Calisthenics vs Weight Training Debate
Every so often the fitness community goes back and forth between the effectiveness of different types of resistance training. Arguments waver whether body weight movements are better to perform or if weights can deliver long lasting results.
Both types of training have been used forever by professional athletes, amateurs, and fitness enthusiasts alike, which makes the preference for training based on each individual.
For those that are adverse to moving heavy weights (especially without a training partner), suffer from sensitive joints or prior injuries, or lack access to a gym with equipment, calisthenics is usually best suited for these individuals. Calisthenics uses body weight exercises for training with little to no equipment.
These body weight exercises often have practical use in everyday activities, which is better known as functional training. In comparison to weight training, these movements work on strengthening muscles that we use to stabilize and balance while maneuvering.
Functionality is a huge benefit for calisthenics training, while weight training is opted as the one of the best ways to build strength progressively. When trying to achieve progressive overload, it’s typical to add weight slowly with plates or dumbbells over time (see How to Use Progress Overload Effectively).
Of course progressive overload can be achieved in many other ways, which aren’t exclusive to weight training and can use other variables. One of these is time under tension that’s used within both weight training and calisthenics.
For individuals that don’t have access to equipment or are exercising while traveling, this can be a method to stimulate intensity to progress their exercises.
How Time Under Tension Can Replicate Weight Training
To see how calisthenics can emulate the intensity of weight training, we should observe the muscle groups targeted by these exercises. Calisthenics uses compound movements that involve multiple muscles working together to leverage your body weight from one position to another.
When we pull, push, or support our body weight with a holding movement, this causes the recruitment of additional muscle fibers. In contrast, isometric or single muscle movements concentrate tension one muscle group, which limits the weight load that can be executed for that exercise.
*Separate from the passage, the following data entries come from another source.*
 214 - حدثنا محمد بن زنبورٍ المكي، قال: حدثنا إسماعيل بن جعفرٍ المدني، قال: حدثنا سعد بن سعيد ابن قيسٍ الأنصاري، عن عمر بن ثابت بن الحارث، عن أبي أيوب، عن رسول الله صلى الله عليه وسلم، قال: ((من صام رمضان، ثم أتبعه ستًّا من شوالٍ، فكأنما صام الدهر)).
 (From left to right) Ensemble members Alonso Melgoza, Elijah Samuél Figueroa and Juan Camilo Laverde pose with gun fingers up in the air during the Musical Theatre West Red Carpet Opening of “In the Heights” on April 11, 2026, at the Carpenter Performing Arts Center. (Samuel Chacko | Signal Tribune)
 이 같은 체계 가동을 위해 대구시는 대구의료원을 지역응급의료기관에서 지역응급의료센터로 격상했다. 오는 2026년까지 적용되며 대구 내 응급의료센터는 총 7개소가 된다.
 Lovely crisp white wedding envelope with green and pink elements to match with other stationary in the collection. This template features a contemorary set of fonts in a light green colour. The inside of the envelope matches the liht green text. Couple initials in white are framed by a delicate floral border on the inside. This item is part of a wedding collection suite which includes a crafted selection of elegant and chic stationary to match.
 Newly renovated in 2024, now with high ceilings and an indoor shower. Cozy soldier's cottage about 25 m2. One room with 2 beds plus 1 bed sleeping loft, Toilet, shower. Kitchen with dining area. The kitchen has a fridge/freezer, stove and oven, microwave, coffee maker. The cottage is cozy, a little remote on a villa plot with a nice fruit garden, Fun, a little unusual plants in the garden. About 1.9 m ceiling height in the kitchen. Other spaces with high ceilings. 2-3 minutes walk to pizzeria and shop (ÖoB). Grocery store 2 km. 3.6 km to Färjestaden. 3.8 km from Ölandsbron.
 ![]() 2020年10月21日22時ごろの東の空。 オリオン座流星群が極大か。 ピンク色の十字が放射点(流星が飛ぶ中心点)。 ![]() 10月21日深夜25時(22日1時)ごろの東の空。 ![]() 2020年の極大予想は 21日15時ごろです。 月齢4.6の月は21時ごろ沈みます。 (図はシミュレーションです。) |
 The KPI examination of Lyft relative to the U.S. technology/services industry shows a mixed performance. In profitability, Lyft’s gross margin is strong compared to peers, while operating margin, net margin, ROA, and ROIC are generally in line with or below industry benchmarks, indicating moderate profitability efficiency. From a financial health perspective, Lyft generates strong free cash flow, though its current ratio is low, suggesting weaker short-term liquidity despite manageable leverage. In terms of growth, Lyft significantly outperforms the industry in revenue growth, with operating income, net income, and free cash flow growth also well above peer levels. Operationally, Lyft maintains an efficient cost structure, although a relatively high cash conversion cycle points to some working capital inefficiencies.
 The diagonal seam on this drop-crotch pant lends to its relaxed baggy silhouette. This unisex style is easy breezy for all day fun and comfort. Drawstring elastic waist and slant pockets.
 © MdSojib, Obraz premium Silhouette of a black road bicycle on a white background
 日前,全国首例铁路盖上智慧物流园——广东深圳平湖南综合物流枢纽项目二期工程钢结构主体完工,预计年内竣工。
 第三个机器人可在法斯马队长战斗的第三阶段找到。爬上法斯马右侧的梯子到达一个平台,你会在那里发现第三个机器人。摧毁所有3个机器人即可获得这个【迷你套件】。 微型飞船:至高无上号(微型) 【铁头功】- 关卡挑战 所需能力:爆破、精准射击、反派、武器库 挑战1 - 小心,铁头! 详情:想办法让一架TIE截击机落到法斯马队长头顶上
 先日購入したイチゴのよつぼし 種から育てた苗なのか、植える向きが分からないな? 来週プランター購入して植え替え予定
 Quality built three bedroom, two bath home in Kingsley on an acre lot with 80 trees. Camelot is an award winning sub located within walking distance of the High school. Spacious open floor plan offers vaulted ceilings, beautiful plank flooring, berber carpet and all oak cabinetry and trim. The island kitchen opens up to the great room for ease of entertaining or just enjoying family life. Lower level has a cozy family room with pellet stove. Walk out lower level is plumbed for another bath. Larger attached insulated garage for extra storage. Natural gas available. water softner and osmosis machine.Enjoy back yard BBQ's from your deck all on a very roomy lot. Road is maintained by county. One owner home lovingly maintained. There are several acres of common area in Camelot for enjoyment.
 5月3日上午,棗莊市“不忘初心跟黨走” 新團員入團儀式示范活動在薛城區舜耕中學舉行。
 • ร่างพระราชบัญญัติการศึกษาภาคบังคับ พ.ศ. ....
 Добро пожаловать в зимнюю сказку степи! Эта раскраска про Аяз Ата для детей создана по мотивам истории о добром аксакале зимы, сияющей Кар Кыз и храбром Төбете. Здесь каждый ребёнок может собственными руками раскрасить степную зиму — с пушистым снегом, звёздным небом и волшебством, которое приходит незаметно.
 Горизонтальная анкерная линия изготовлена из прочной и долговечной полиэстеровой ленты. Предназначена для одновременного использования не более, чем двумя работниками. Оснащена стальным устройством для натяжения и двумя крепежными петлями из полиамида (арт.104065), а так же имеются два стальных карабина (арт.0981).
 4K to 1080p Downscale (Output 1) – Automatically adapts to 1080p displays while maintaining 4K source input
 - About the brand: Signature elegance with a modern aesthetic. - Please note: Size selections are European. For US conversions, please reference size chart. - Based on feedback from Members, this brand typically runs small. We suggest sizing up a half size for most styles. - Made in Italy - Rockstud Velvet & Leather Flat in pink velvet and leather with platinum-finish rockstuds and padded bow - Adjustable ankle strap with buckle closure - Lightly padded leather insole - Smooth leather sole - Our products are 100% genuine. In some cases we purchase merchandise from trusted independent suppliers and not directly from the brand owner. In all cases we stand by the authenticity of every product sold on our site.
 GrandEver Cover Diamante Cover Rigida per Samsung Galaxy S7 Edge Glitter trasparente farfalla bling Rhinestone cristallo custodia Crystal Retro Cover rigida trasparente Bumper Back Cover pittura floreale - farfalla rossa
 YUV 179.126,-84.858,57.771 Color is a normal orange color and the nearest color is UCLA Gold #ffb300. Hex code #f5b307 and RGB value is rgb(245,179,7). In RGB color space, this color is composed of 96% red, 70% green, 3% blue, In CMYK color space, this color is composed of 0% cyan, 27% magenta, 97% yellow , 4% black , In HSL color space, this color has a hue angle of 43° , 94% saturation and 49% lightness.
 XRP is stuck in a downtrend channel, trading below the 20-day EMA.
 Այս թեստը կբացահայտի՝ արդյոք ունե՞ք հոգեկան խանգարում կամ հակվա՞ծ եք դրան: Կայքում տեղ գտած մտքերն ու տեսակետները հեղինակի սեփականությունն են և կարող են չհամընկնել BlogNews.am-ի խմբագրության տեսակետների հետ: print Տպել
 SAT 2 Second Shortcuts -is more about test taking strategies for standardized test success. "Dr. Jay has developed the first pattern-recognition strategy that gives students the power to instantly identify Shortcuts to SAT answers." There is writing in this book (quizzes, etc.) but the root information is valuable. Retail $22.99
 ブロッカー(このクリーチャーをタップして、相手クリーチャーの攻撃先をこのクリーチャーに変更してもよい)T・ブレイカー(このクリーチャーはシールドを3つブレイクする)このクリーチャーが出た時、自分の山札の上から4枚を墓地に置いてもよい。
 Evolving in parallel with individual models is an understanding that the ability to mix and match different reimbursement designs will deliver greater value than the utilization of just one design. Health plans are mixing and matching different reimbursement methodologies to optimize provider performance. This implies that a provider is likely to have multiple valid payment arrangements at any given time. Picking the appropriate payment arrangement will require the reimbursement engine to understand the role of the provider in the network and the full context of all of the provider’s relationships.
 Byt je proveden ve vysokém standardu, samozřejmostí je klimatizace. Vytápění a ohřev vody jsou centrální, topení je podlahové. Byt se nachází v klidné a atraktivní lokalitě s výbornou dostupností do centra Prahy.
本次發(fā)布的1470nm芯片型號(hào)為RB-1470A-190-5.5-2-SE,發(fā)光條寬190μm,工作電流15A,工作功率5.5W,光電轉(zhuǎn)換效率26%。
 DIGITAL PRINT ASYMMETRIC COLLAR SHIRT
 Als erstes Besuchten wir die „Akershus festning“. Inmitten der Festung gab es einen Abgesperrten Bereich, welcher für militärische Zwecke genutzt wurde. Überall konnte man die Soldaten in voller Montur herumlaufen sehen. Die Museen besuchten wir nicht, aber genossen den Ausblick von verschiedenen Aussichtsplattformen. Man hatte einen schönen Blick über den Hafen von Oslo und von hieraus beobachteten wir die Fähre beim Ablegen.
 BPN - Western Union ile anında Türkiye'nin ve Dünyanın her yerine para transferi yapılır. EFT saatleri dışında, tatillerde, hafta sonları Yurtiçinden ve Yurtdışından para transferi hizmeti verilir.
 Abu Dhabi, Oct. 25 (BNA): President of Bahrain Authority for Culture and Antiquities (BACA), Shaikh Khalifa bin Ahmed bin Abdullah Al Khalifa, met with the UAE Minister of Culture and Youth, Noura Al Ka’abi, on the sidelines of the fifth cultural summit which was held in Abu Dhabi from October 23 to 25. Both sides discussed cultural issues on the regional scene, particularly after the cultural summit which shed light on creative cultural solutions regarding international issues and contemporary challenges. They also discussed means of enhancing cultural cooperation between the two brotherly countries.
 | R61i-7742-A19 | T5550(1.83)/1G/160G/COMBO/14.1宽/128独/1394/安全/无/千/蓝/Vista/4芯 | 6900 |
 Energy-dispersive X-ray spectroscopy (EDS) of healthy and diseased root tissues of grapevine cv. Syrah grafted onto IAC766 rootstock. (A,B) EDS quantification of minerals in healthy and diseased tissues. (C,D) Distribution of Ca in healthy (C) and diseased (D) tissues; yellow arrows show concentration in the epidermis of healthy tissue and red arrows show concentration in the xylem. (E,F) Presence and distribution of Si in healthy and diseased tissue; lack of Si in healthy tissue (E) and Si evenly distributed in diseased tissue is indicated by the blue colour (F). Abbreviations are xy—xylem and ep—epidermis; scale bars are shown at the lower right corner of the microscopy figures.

According to research, there’s a greater muscle activation when contracting muscle at longer muscle lengths in comparison to shorter lengths. This greater activation means greater likelihood for muscle growth when limbs are extended for durations of time, which explains the sizable arm growth seen with gymnasts.
Body weight training can get you better prepared for lifting heavier weights at the gym because performing compound movements with time under tension requires more stabilization.
There’s also breath work control that necessary for time under tension to be utilized properly. Time under tension increases hypoxia, which causes the recruitment of more muscle fibers.
Calisthenics movements always have a pause in the movement, which is how you can replicate the time under tension with weights. When the time under tension is manipulated, this changes the relationship between concentric and eccentric motions of the exercise.
Time under tension for calisthenics is measured by four metrics: the positive or concentric movement, holding time at the greatest tension, the negative or eccentric movement, and the holding time after the negative movement. When executed, this will determine the speed of an exercise.
As an example, a push-up with time under tension could be 1/0/2/2 (1 second concentric, 2 second eccentric, and a 2 second pause).
Altering the speed you perform your concentric and eccentric motions is how you add intensity to the movement, thereby creating a pathway of progressive overload on the muscle.
In terms of stimulating optimal size and strength, explosive concentric motions are the best. This would be followed by a pause when lowering body weight for a maximum of 2-3 seconds before exploding back to starting position.
The eccentric phase is where the most muscle breakdown occurs, which is why these should be performed under a slower tempo. Constantly experimenting with different tempo speeds and altering pause times will challenge even the most advanced bodybuilders and calisthenic athletes out there.
The Wrap Up
Time under tension not only replicates the intensity of weight training, but can also increase your functional strength outside of the gym. Breath and stabilization is improved when training with body weight exercises, which can be a positively influence on performance lifting weights. Altering the tempo that calisthenic exercises can also emulates the effect of progressive overload obtained from weight lifting.